Personal information
- Date of birth: 24 November 1996 (age 28)
- Place of birth: Dakar, Senegal
- Height: 6 ft 0 in (1.83 m)
- Position(s): Defender

Youth career
- 2013–2016: Montverde Academy

College career
- Years: Team / Apps / (Gls)
- 2016–2019: Clemson Tigers / 72 / (7)

Senior career*
- Years: Team / Apps / (Gls)
- 2017: SIMA Águilas / 12 / (4)
- 2019: Greenville FC / 3 / (1)
- 2020–2021: North Carolina FC / 25 / (1)

Managerial career
- 2023: Clemson (assistant)

= Malick Mbaye (footballer, born 1996) =

Senegalese footballer

Malick Mbaye (born 24 November 1996) is a Senegalese professional footballer who most recently played as a defender for North Carolina FC in USL League One.

==Career==
===Amateur===
Mbaye played for Soccer Institute at Montverde Academy in Florida. In 2017, he played for SIMA Águilas of the Premier Development League, scoring four goals in 12 games.

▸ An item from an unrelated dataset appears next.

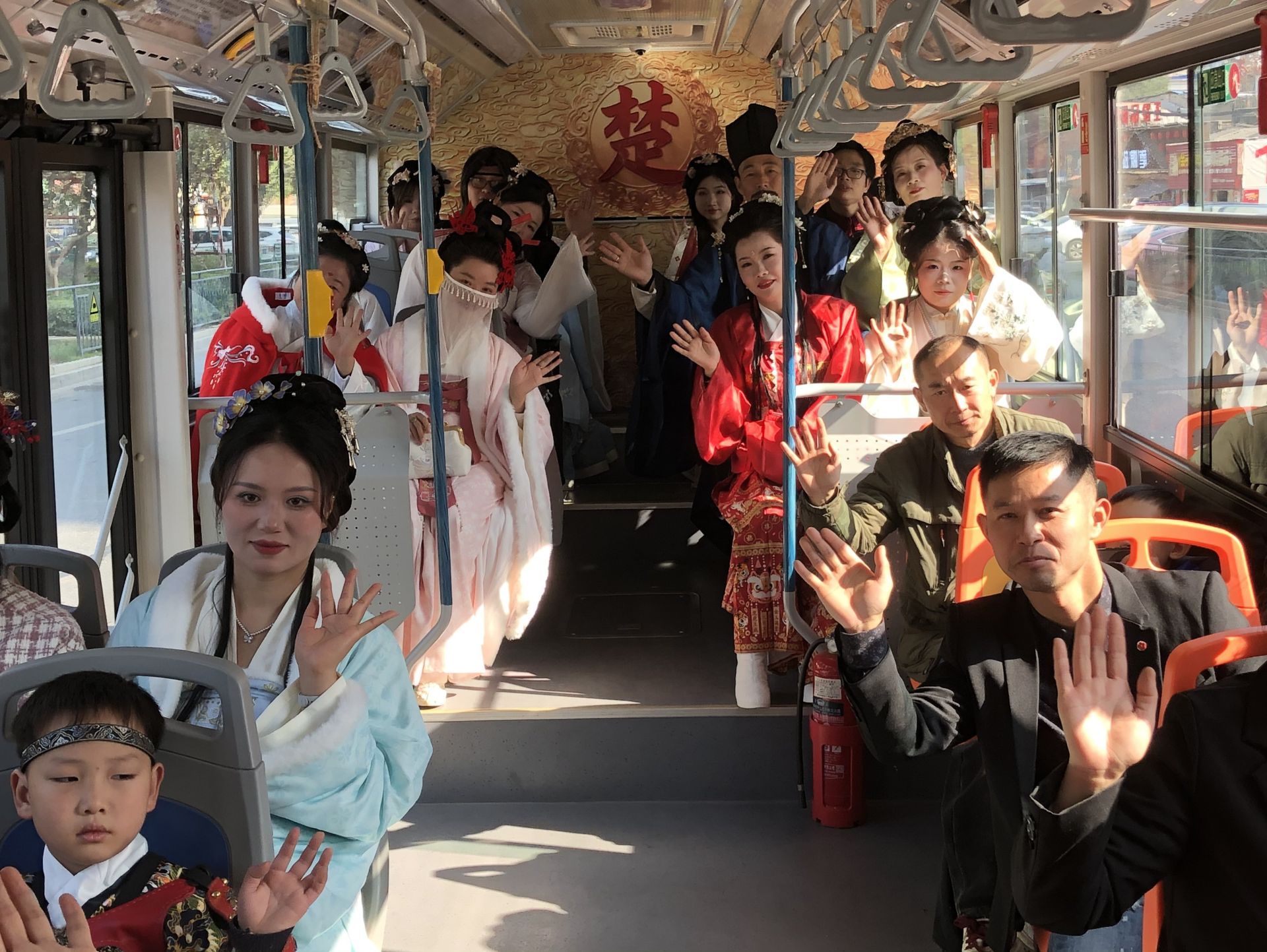 驾驶座上,身穿楚服的司机金乔笑容洋溢:“开着这样一辆有故事的公交车,我觉得自己不只是司机,更像一个移动的文化宣传员。能身体力行地传播青铜文化,特别有意义。”

In 2019, Mbaye played with Greenville FC of the National Premier Soccer League.

===College===
Mbaye played college soccer at Clemson University from 2016 and 2019. In his freshman year, he was named to the ACC All-Freshmen Team. In his senior season, he was named ACC Men's Soccer Defensive Player of the Year.

===Professional===
Mbaye was drafted 33rd overall in the 2020 MLS SuperDraft by Toronto FC. He attended pre-season with Toronto, but left their training camp and signed with North Carolina FC of the USL Championship. He made his debut with the team when he entered as a substitution during a match against Charlotte Independence on 5 September 2020.